Every line of the listing must be reproduced as it stands. Leave the images behind.

> _Data extract_
----

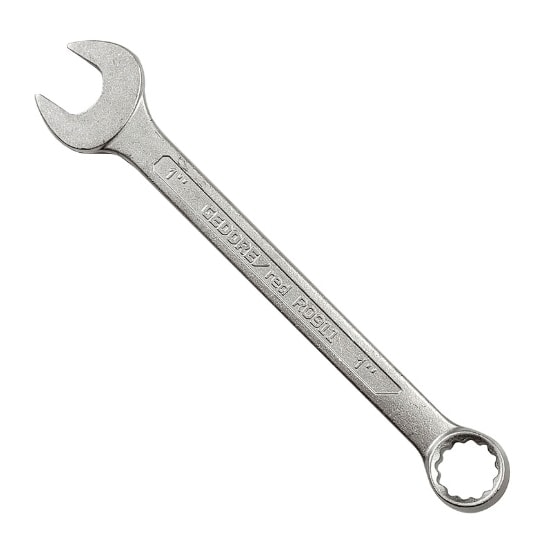 A Chave Combinada 1" é uma ferramenta profissional indicada para operações de aperto e afrouxamento de porcas e parafusos sextavados em aplicações de grande porte, onde é exigido alto torque e robustez. Seu formato combina uma extremidade fixa tipo boca e outra estriada tipo estrela, proporcionando versatilidade e segurança durante o uso em diferentes condições de trabalho.
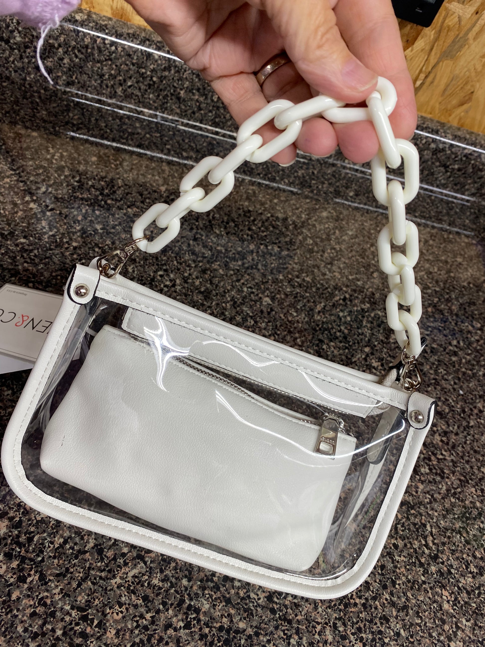 Jessica Clear White Stadium Crossbody w/ Chain
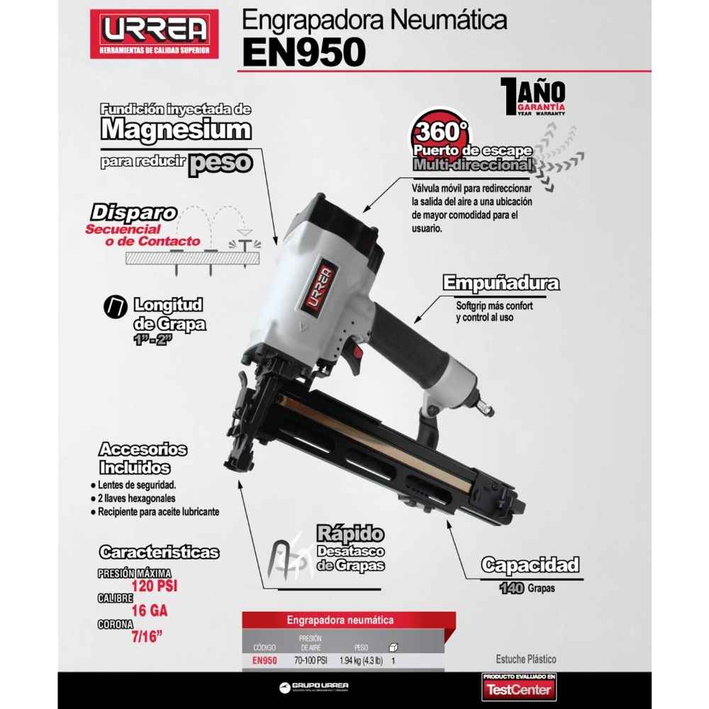 Engrapadora neumática calibre 16, corona 7/16″, capacidad 1″-2″, 100 grapas Urrea
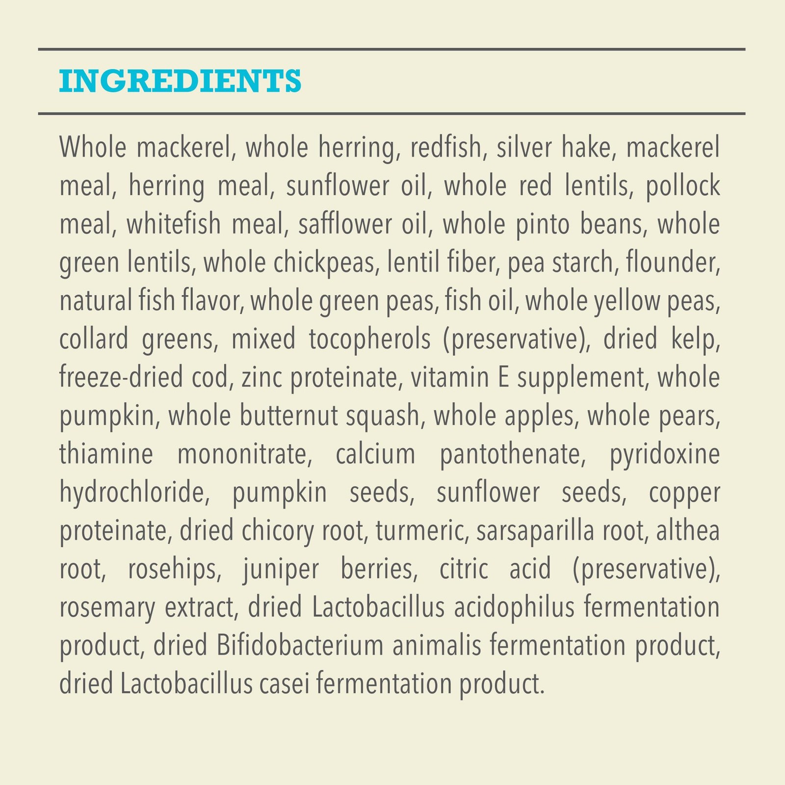 One (1) 4.5 lb bag of Grain Free* Wild Atlantic Recipe Dry Dog Food High protein dog food recipe features 70 percent** animal ingredients and 30 percent*** wholesome fruits, vegetables A freeze dried dog food coating adds rich flavor dogs crave Protein-rich animal ingredients are balanced with wholesome fruits and vegetables for a nutritious, high-fiber dog food with the highest protein offering of pet foods Premium dog food made in the USA with quality ingredients from around the world

----

> _The completed task_
 A Chave Combinada 1" é uma ferramenta profissional indicada para operações de aperto e afrouxamento de porcas e parafusos sextavados em aplicações de grande porte, onde é exigido alto torque e robustez. Seu formato combina uma extremidade fixa tipo boca e outra estriada tipo estrela, proporcionando versatilidade e segurança durante o uso em diferentes condições de trabalho.
 Jessica Clear White Stadium Crossbody w/ Chain
 Engrapadora neumática calibre 16, corona 7/16″, capacidad 1″-2″, 100 grapas Urrea
 One (1) 4.5 lb bag of Grain Free* Wild Atlantic Recipe Dry Dog Food High protein dog food recipe features 70 percent** animal ingredients and 30 percent*** wholesome fruits, vegetables A freeze dried dog food coating adds rich flavor dogs crave Protein-rich animal ingredients are balanced with wholesome fruits and vegetables for a nutritious, high-fiber dog food with the highest protein offering of pet foods Premium dog food made in the USA with quality ingredients from around the world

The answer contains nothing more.